The other issue happened yesterday. I was driving my son to meet with his aunt and uncle. It is about a 10 minute drive. Before I got out of our neighborhood, I felt something weird on my chest. I wiped at it with my hand and my hand came up seriously bloody. At first I thought it was a bloody nose, which is common in our area at this time of year. No… my nose was not bleeding. It was a little dot on my chin. This little dot (which I have not recollection of scratching) was gushing out a waterfall of blood. I bled the entire way to our destination. I soaked 2 tissues (the only 2 in my car) and 2 random papers I found in my car. I had blood all down my neck and chest and covering my hands.

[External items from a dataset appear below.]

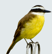
11 Giüs Común Great Kiskadee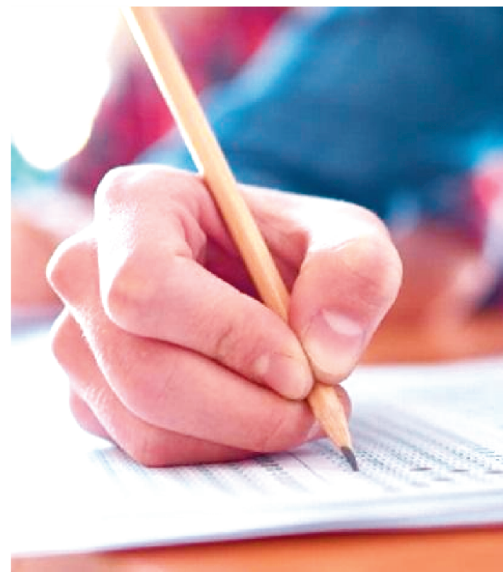
AS INSCRIÇÕES VÃO ATÉ O DIA 7 DE SETEMBRO DESTA ANO.

O Conselho Regional de Psicologia do Maranhão (CRP – MA) abriu inscrições para concurso público com vagas em São Luís.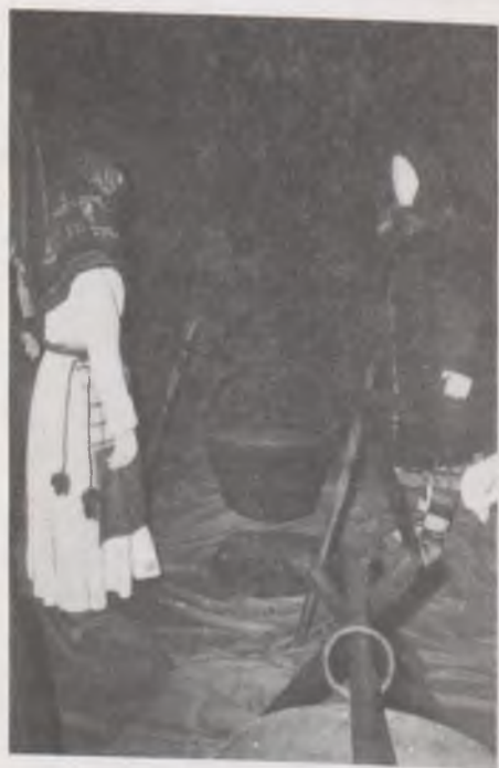
Északi és déli udmurt népviselet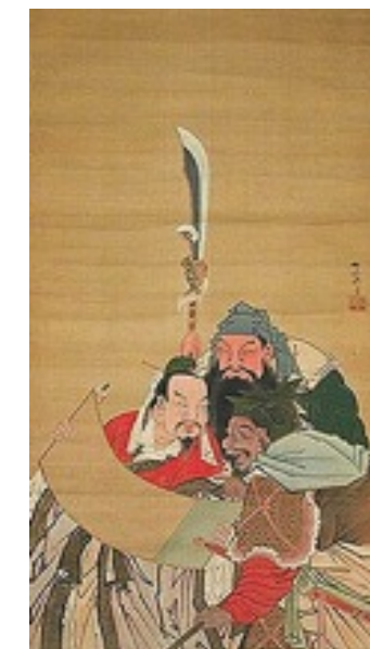
劉備・関羽・張飛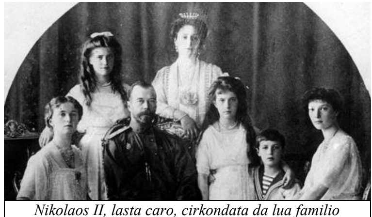
Nikolaos II, lasta caro, cirkondata da lua familio

Pasinta-merkurdie, la statala advokataro di Moskva itere konfirmis, apogante su sur genala expertizi, ke la trovata restaji, un yaro ante nun, en la foresto di Ganina Yama ye l'ekiro dil urbo, esas vere olti di Alexis, la hemofiliika yuna princo mortigita kande il evis 13 yari, e di lua fratino Maria.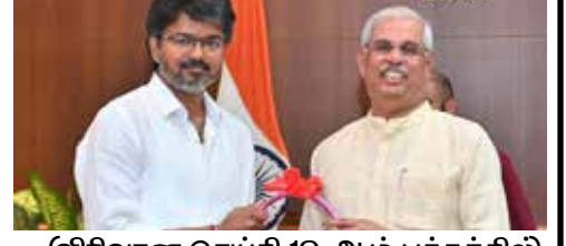
(விரிவான செய்தி 19 ஆம் பக்கத்தில்)

தமிழக முதல்வராக விஜய் இன்று காலை பதவியேற்பு!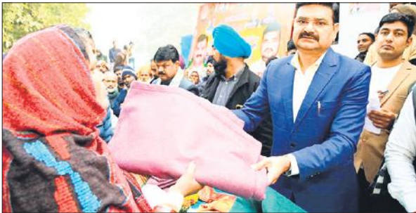
जरूरतमंदों को कंबल बांटते राज्यमंत्री संजय सिंह गंगवार।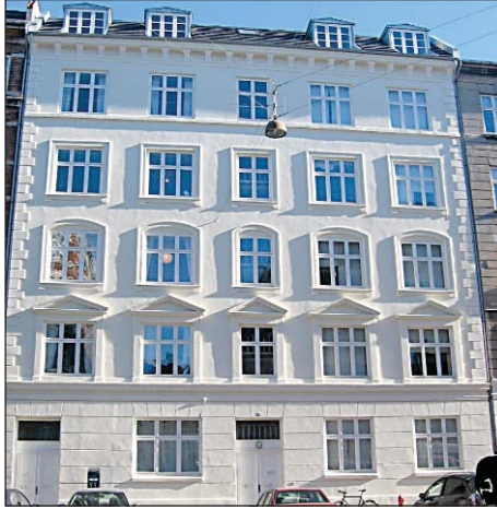
Húsið við Flensborggade 39.

Íbúarnir hafa aðgang að lokuðum bakgarði sem hefur upp á að bjóða fína aðstöðu til leiks, afslöppunar og afþreyingar auk þess sem umhverfið er öruggt fyrir börn.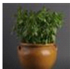
Sweet Dani Lemon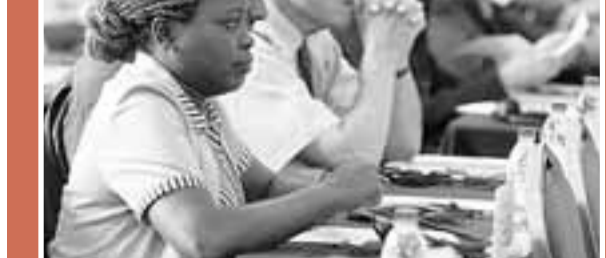
■參加論壇的外國使節、專家和學者。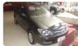
PALIO FIRE ECONOMY 2P 1.0 FLEX 11.12 PL.6417, CINZA DE R$ 22.990, POR R$ 20.990,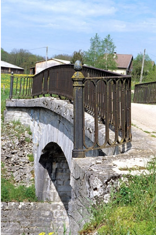
Vue d'ensemble du garde-corps nord.

39, Le Pasquier V.C. 1, lieudit : les Champs au Roi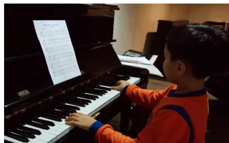
Gambar 4. Siswa berlatih dibimbing oleh instruktur

Pada materi pengenalan notasi balok, instruktur tidak menggunakan metode drill karena fokusnya pada teori dasar musik. Namun, pada materi fingering , metode drill efektif untuk meningkatkan keterampilan teknis siswa dalam ketepatan dan koordinasi jari. Instruktur menggunakan latihan berulang untuk memperkuat otot jari dan meningkatkan kecepatan serta akurasi bermain piano. Dalam materi scale , metode drill membantu membangun fondasi teknik bermain dengan melatih skala berulang-ulang, meningkatkan ketepatan, kecepatan, dan mengenali pola-pola dalam musik. Pada sight reading , metode drill mempercepat kemampuan membaca notasi dengan meningkatkan kecepatan pengenalan not dan simbol musik, membantu siswa bermain lebih lancar dan tanpa henti.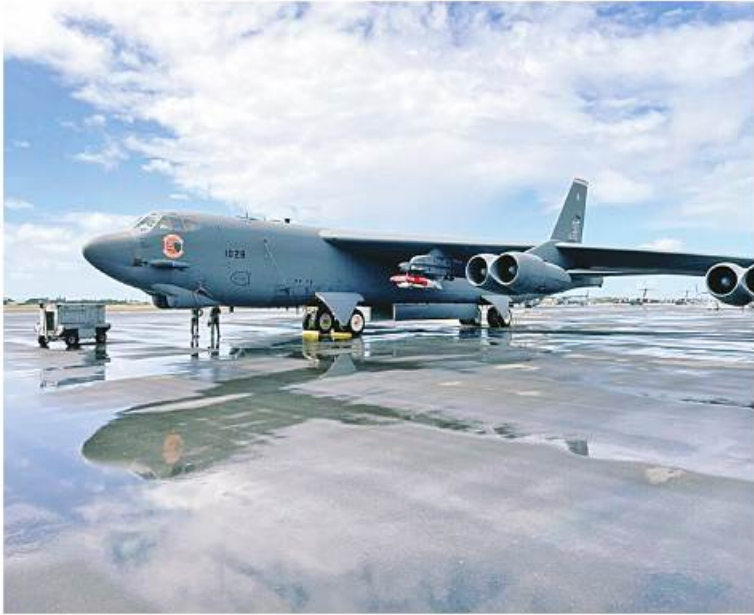
အမေရိကန်လေတပ် (USAF) သည် Quick Strike Extended Range (QS-တာဝိုင်ရီ၊ Kauai ကမ်းလွန်တွင် ER) B-52 Stratofortress ပုံးကြဲ

လေယာဉ်ကို တာဝေးပစ် ပွဲထိန်းပင်လယ် ပြင်မိုင်းများ တပ်ဆင်စမ်းသပ်ပွဲသန်းခဲ့ ကြောင်း မေ ၃၁ ရက်က The Defense Post တွင် ရေးသားဖော်ပြခဲ့သည်။

I looked like I was dressing early for Halloween or an accident victim. It freaked me out not only a little bit. I haven’t had any other issues like this. I have to prick my fingers a few times a day for glucose tests. They definitely do not gush like this. I will be seeing my doc this week and will be bringing this up to him.

Other than this, baby seems to be doing great.  Baby is moving constantly. I have been able, thus far, to control my blood sugar with diet. My dietician was very pleased with my progress. I was worried because I had lost 4 lbs, but was told this is normal in the beginning of a new diet plan. I have mostly cut out sugar and cut waaaaay down on carbs. I make sure not to have any fruit or fruit juice with breakfast. I eat a lot more protein-packed foods.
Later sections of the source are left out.